Problem details:
Given the records underneath, please repeat exactly the lines from the line with "Apple Watch Series" through the line with "鞋面材质:牛剖层皮革 | 闭合方式:套脚 |", passing over any picture.

Dataset entries:
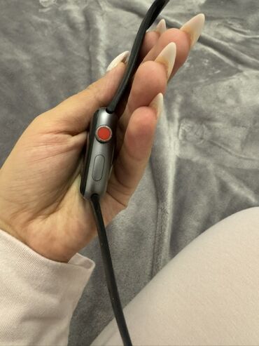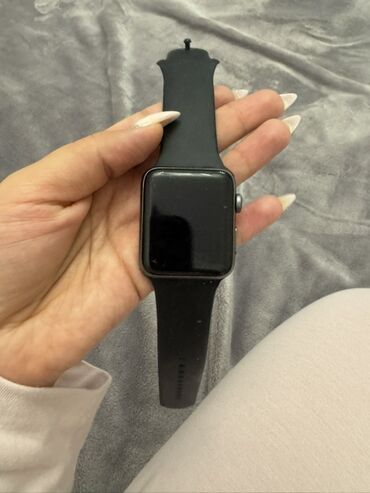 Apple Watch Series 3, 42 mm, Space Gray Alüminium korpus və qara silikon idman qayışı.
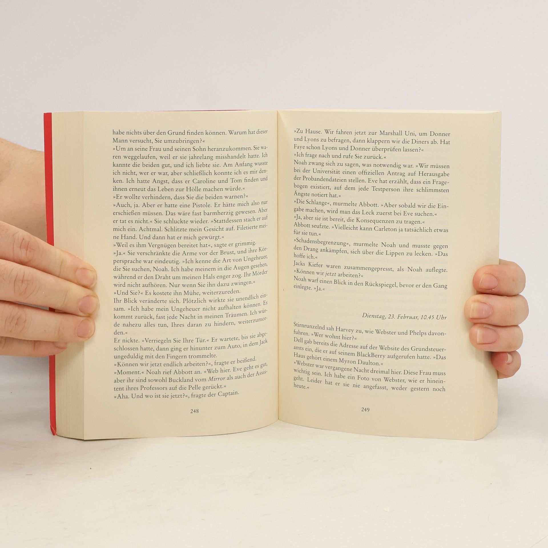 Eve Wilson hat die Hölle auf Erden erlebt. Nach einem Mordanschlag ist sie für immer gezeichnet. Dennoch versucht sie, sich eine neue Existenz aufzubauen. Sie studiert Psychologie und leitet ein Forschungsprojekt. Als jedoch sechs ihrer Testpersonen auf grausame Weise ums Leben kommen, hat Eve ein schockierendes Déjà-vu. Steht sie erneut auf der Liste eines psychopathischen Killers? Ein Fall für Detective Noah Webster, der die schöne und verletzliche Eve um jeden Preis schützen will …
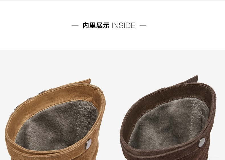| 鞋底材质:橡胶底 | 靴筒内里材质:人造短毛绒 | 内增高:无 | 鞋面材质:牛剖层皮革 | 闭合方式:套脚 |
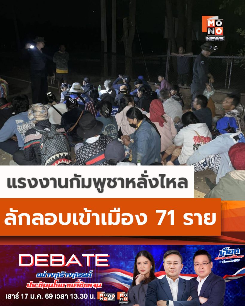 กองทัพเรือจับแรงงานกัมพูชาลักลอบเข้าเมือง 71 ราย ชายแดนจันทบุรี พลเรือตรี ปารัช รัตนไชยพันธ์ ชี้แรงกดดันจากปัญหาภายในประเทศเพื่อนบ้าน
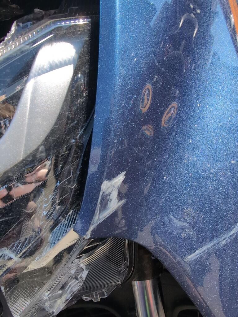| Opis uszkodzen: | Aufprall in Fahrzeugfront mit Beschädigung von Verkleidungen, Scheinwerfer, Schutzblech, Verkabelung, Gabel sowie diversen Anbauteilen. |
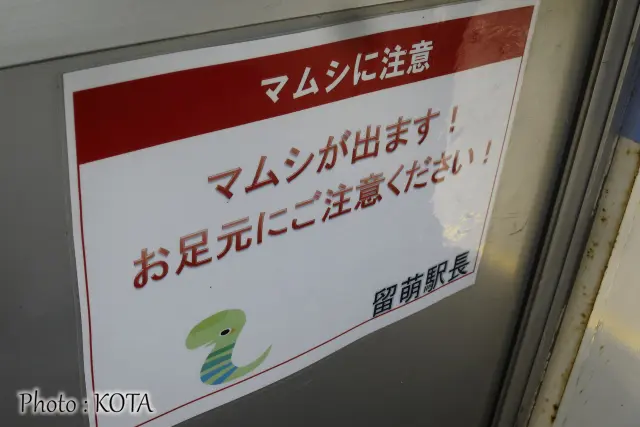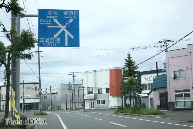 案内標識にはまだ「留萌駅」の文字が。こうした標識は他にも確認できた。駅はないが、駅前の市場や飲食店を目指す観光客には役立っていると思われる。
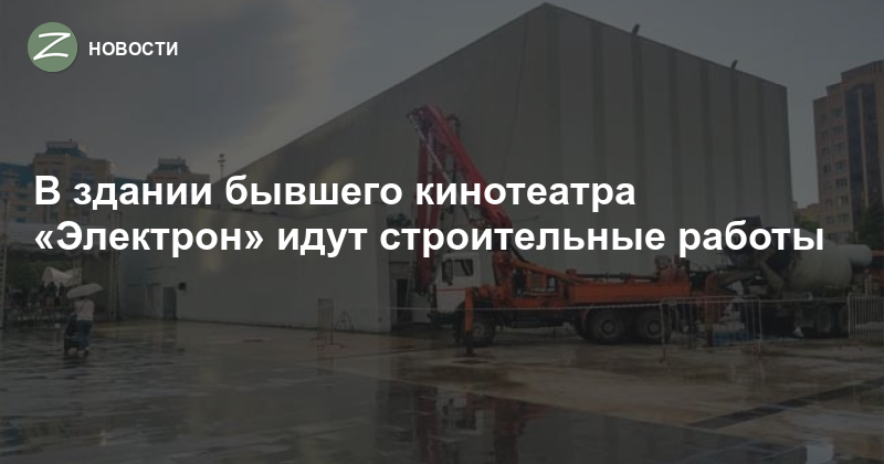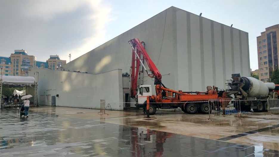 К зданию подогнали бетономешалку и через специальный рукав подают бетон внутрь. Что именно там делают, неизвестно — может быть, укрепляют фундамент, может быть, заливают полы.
==
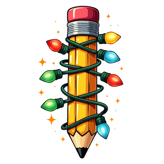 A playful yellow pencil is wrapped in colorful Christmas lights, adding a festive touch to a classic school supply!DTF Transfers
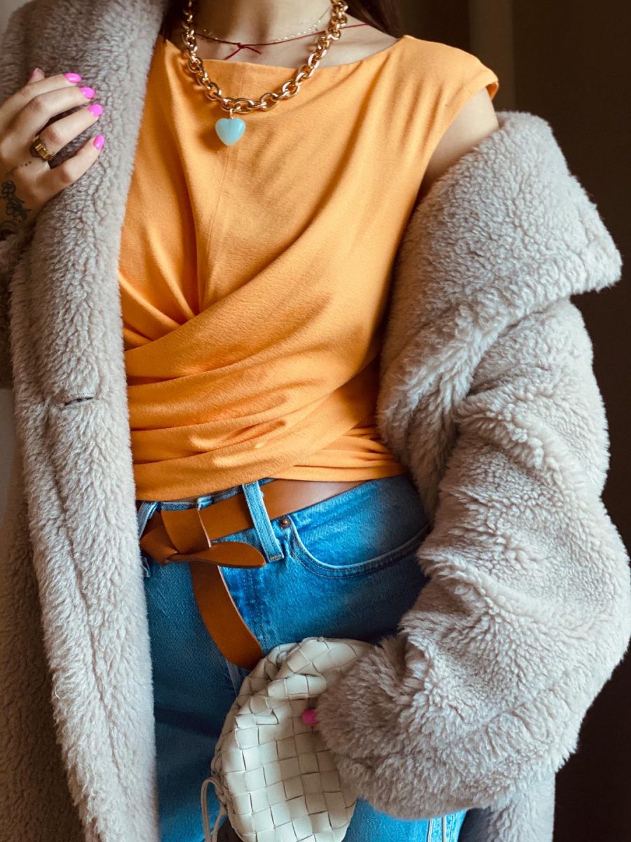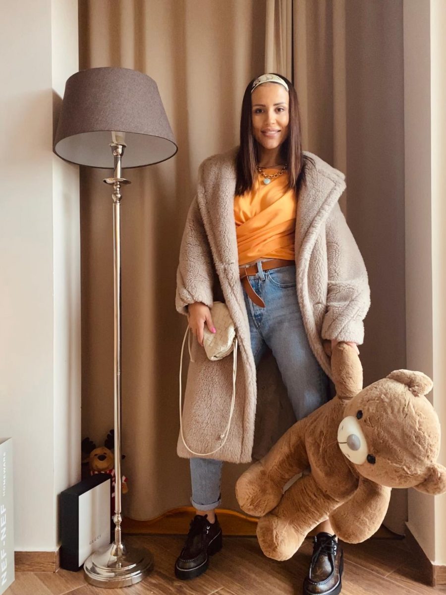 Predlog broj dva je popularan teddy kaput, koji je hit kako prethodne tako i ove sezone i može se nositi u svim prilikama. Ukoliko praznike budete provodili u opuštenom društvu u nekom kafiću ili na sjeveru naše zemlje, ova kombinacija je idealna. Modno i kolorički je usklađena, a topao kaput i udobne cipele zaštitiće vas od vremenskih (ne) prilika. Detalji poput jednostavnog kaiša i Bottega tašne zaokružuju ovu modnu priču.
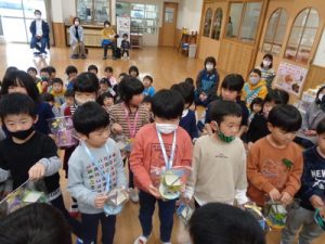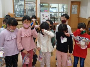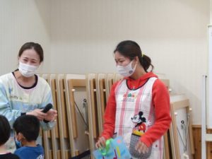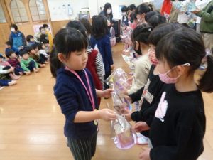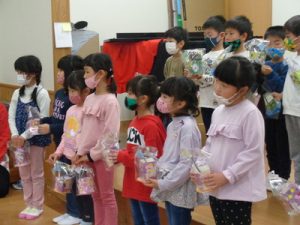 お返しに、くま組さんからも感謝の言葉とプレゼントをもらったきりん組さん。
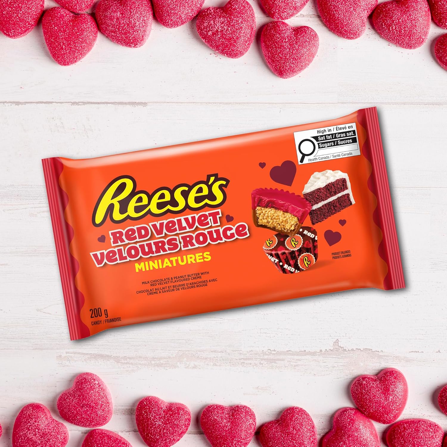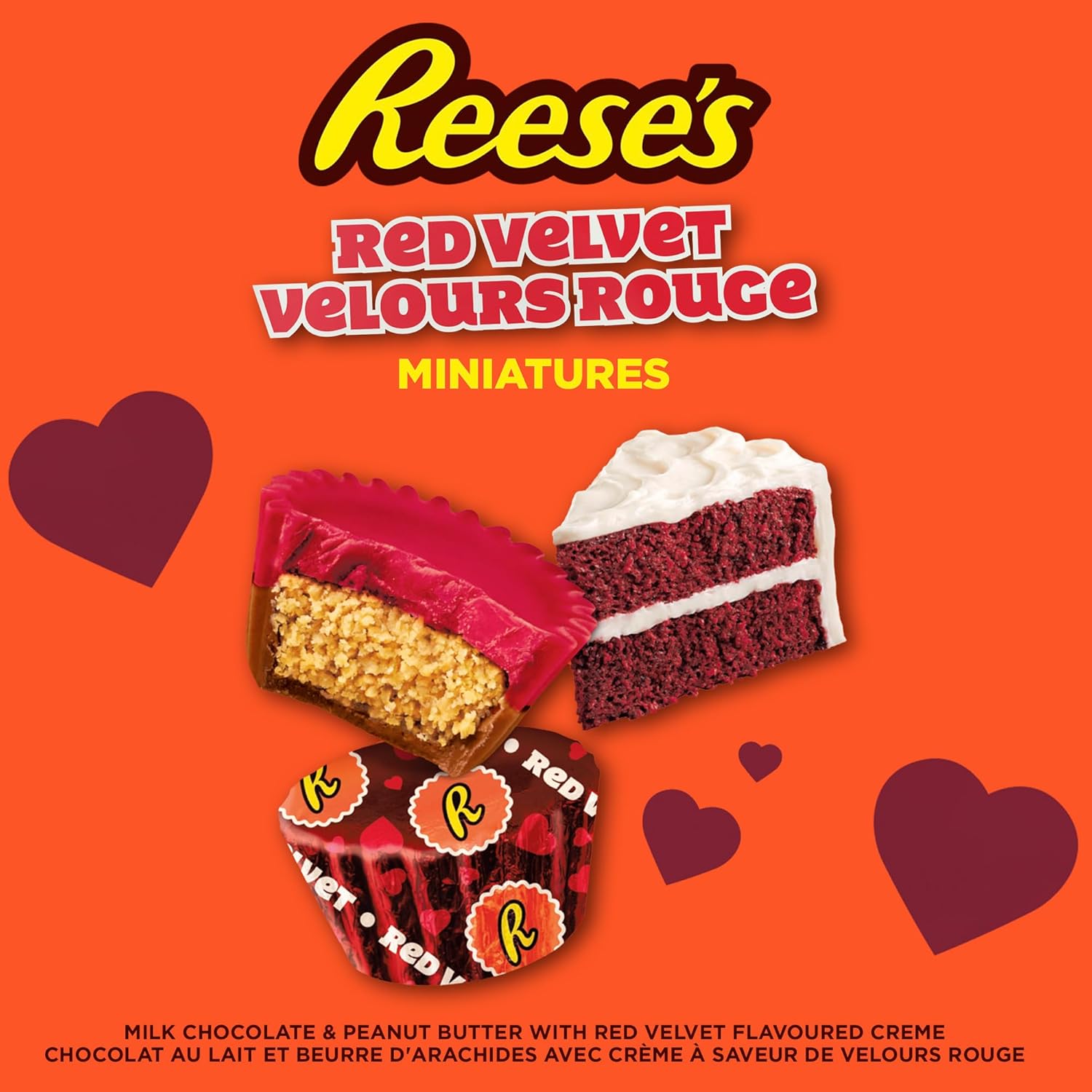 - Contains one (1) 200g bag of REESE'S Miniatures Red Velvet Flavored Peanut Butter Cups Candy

Reply:
 Apple Watch Series 3, 42 mm, Space Gray Alüminium korpus və qara silikon idman qayışı.
 Eve Wilson hat die Hölle auf Erden erlebt. Nach einem Mordanschlag ist sie für immer gezeichnet. Dennoch versucht sie, sich eine neue Existenz aufzubauen. Sie studiert Psychologie und leitet ein Forschungsprojekt. Als jedoch sechs ihrer Testpersonen auf grausame Weise ums Leben kommen, hat Eve ein schockierendes Déjà-vu. Steht sie erneut auf der Liste eines psychopathischen Killers? Ein Fall für Detective Noah Webster, der die schöne und verletzliche Eve um jeden Preis schützen will …
| 鞋底材质:橡胶底 | 靴筒内里材质:人造短毛绒 | 内增高:无 | 鞋面材质:牛剖层皮革 | 闭合方式:套脚 |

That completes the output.